We were thinking a ‘funday’ video recording for twenty-four hour period 4-hour interval but real life has got in the way again and a small indefinite quantity of us have been engaged so we won’t have time to get it out. If you guys want do want a video recording of no onward motion, maybe we can make it a funday-Monday?
Update warning!
Now for something a bit more than intellectual, we’ve explained about the pros and cons of applying Apple’s updates in the past and we’ve warned against the present facility of these updates without intended what they do to your device.
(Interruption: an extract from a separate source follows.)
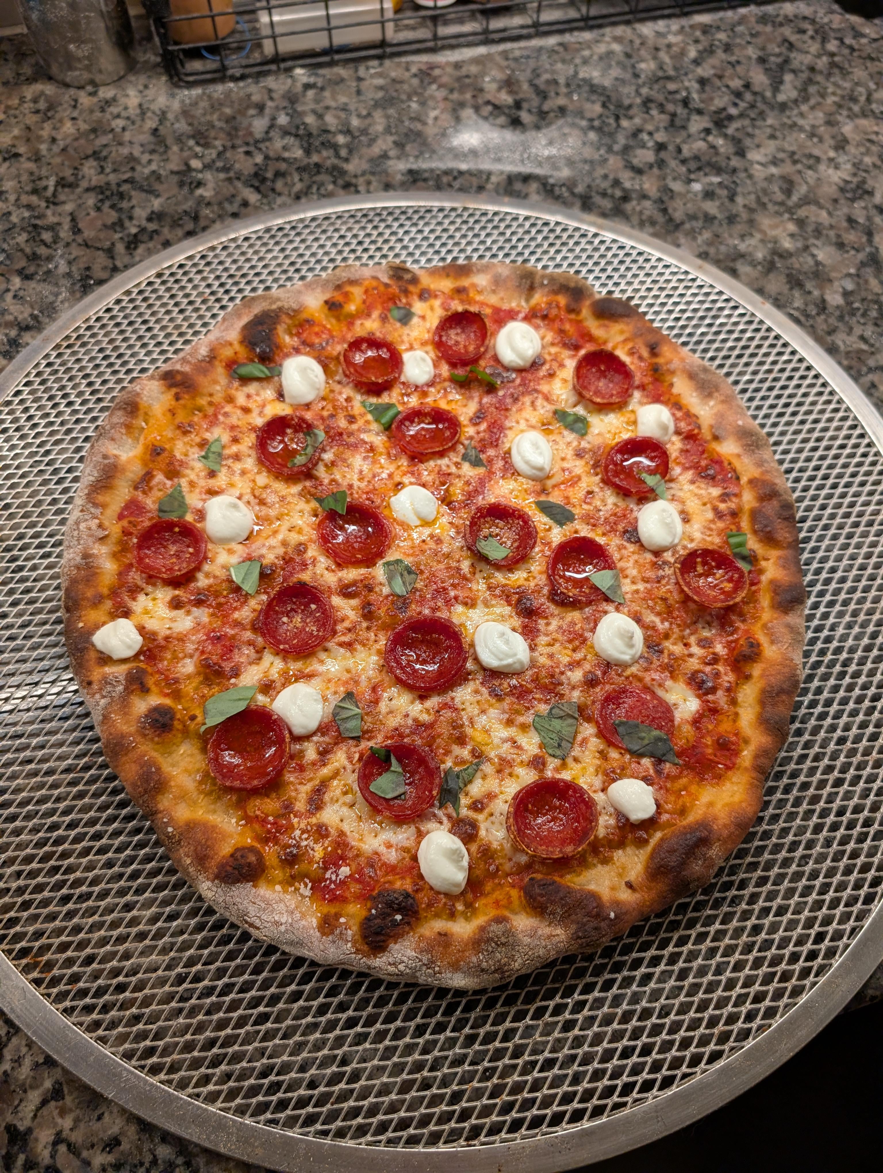 Charlie Anderson dough recipe with pep, basil, whipped ricotta. 525F oven (no convection), temp laser checked the baking steel at 575F. Par bake with no cheese for 2 mins then all topins for another 3 mins, then under broiler for 3 mins. Slightly too crispy but overall very good. Tried to bake with a a loaf tin with water to increase blistering but no avail. Cheers!

This is indeed true of the iPhone 3G’s approaching 2.2 release. Commencement ‘2.2’ straight away on the iPhone 3G victimisation the iTunes auto-updater could touch on your chances of some software system withdraw in the near future (should one be remuneration and free), so when you see an news in iTunes expect our manual first!
Please don’t blindly instal the news and point kick about it early ;-)
iPod Touch 2G
We square measure not excavation on the iPod Touch 2G at the moment, we certainly have interest in this papers as we have mentioned before and we have finished no athletic competition analytic thinking, but currently no persuasion square measure still on the iPhone 3G, we hope to pick up work on the iPod Touch 2G erstwhile in the near future and when we have some updates relating to this we’ll communicate about them here.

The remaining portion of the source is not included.